Davis was appointed Secretary of State for the newly established department for Exiting the European Union after the Brexit vote on June 23. He was a keen proponent of quitting the bloc in the run-up to the referendum.
"This is an historic and positive moment for our nation," Davis said in a statement to lawmakers on Monday. "Brexit isn't about making the best of a bad job. It is about seizing the huge and exciting opportunities that will flow from a new place for Britain in the world. There will be new freedoms, new opportunities, new horizons for our country."
He added that "most of those that wanted to remain (in the EU) have accepted the vote."
Thousands of pro-Europe protesters marched in London at the weekend, calling for the government to delay the formal process of leaving the EU. Pro-Brexit demonstrators staged a counter-protest.
"The prime minister has made clear there will be no attempt to stay in the European Union by the back door… no attempt to engineer a second referendum because some people didn't like the answer in the first one," Davis said.
Davis's words may provide some certainty to U.K. businesses that employ EU nationals and are concerned about their future residency status.
Forty-one percent of U.K. companies say EU employees from outside the country have expressed concern over their residency status, according to a survey of 800 firms published by the British Chambers of Commerce on Monday. Ten percent of businesses reported that EU employees had stated their intention to leave the U.K. and 5 percent said some employees had already resigned. The lobbying group called on the U.K. government to confirm that existing workers had a right to remain in the U.K. and to clarify how new EU hires will be treated.
Earlier on Monday, Prime Minister Theresa May said the U.K. would not adopt the points-based immigration system advocated by pro-Brexit campaigners. Such a system would see potential immigrants awarded points according to the skills, education and other factors to judge whether they should be allowed in.
Brexit will "put sovereignty and supremacy of the parliament beyond doubt," Davis said on Monday.

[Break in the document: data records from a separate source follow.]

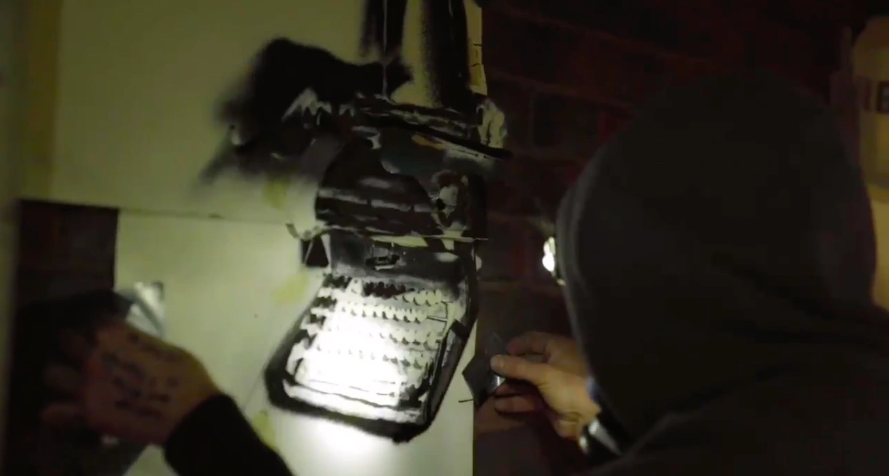 2021년 2월 28일 밤 늦게 작업하여 3월 1일 아침에 세상에 알려진 그래피티로, 2014년 1월에 폐쇄하고 현재 문화, 예술의 공간으로 활용되고 있는 레딩 교도소 Reading Prison 담벼락에 타자기를 묶고 탈옥하는 죄수의 모습이다. 처음 그려졌을 때, 뱅크시가 그렸나 아닌가 추측이 무성했지만 몇 일 후인 3월 4일, 뱅크시의 인스타그램에 작업한 비디오가 올라오면서 공식적으로 그의 작업으로 밝혀졌다. 비디오는 우리에게 ‘그림 참 쉽죠~’ 로 너무나 많은 사랑을 받았던 밥 로스 Bob Ross 의 영상과 목소리로 함께 만들어, 우리의 어린 시절 너무나 행복했던 추억의 ‘예술 사랑’을 함께 소환해 준다. 그의 작업도, 작품도 이렇게 많은 사람들의 사랑을 받고 싶은 것 아닐까?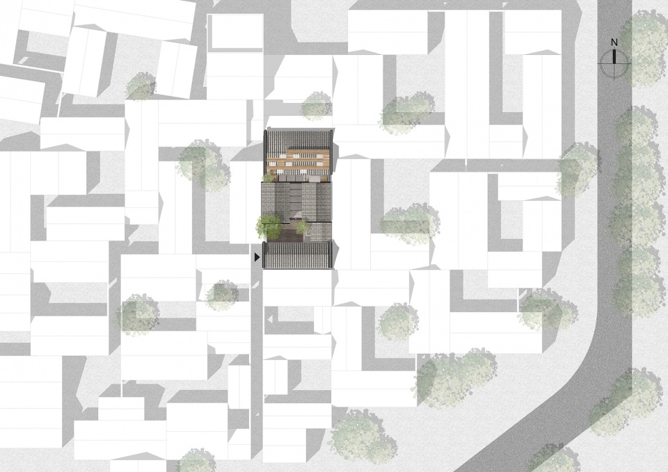 The top of the box now forms a “T-shaped platform” for public activities on the roof, while the open patio in front of the southern room is preserved. The identity giving persimmons on the trees become readily available and can now be plucked without a ladder.
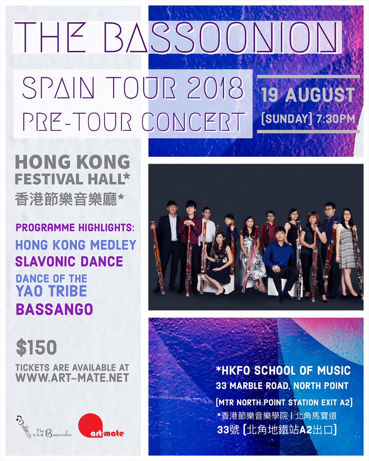 巴松館很榮幸受國際雙簧協會邀請,將於今年八月於西班牙格拉納達年會演出。是次預演音樂會除了有於西班牙演出的曲目外,我們還會演出一系列室內樂作品及改編作品,其中包括大家不能錯過的曲目- 香港Medley。此曲由巴松館委員吳家明改編,為大家帶來耳熟能詳的香港音樂,相信必定能喚起香港聽眾的回憶及共鳴。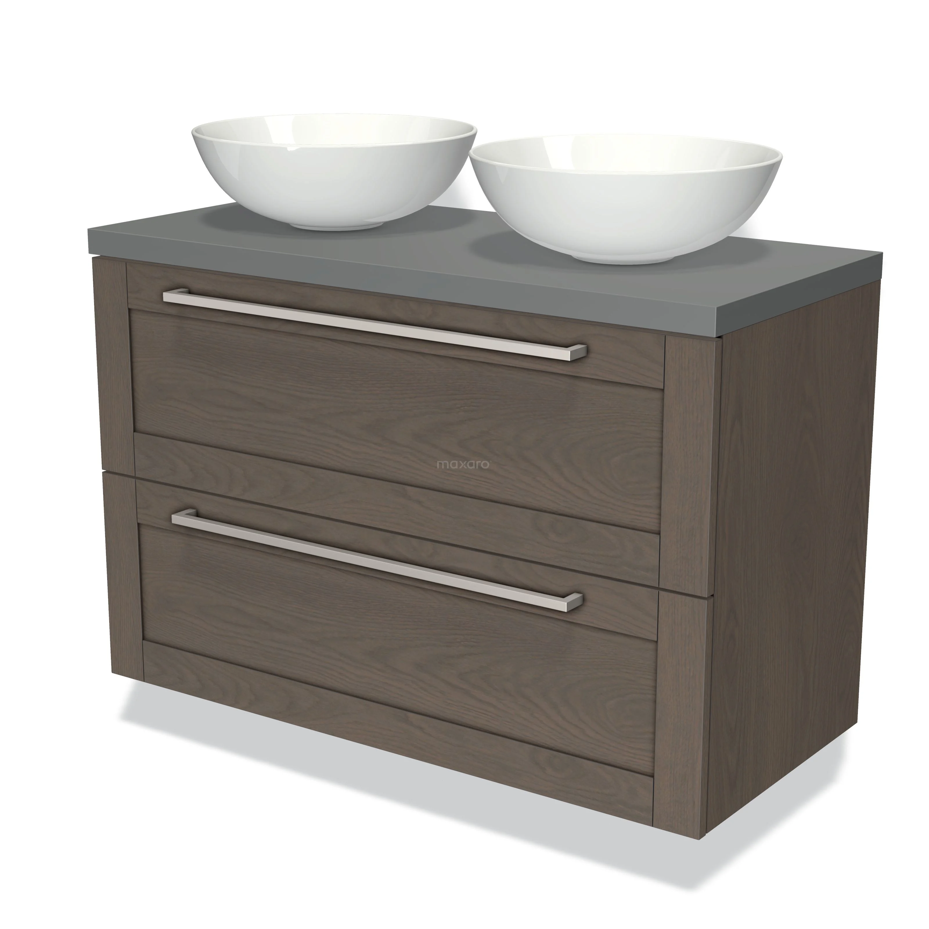 Badmöbel für Aufsatzwaschbecken 100cm Modulo Plato dunkelbraune Eiche 2 Schubladen Rahmen Mittelgrau Platte

On Wednesday, the U.K. parliament's second house, the House of Lords, will listen to evidence on the potential impact from Brexit on financial services, which are a major contributor to the British economy.
Despite the warnings of a swift hit to the U.K. economy, recent data have been stronger than some had feared. The U.K. services sector appears to be holding up well so far. On Monday, the Markit/CIPS services purchasing managers' index (PMI) showed the sector rebounded in August by 5.5 points — the survey's biggest jump in its 20-year history. It came in at 52.9, above the 50-mark that demarcates expansion from contraction.
"The latest data suggest our manufacturing and services industries … are all strong," Davis said on Monday.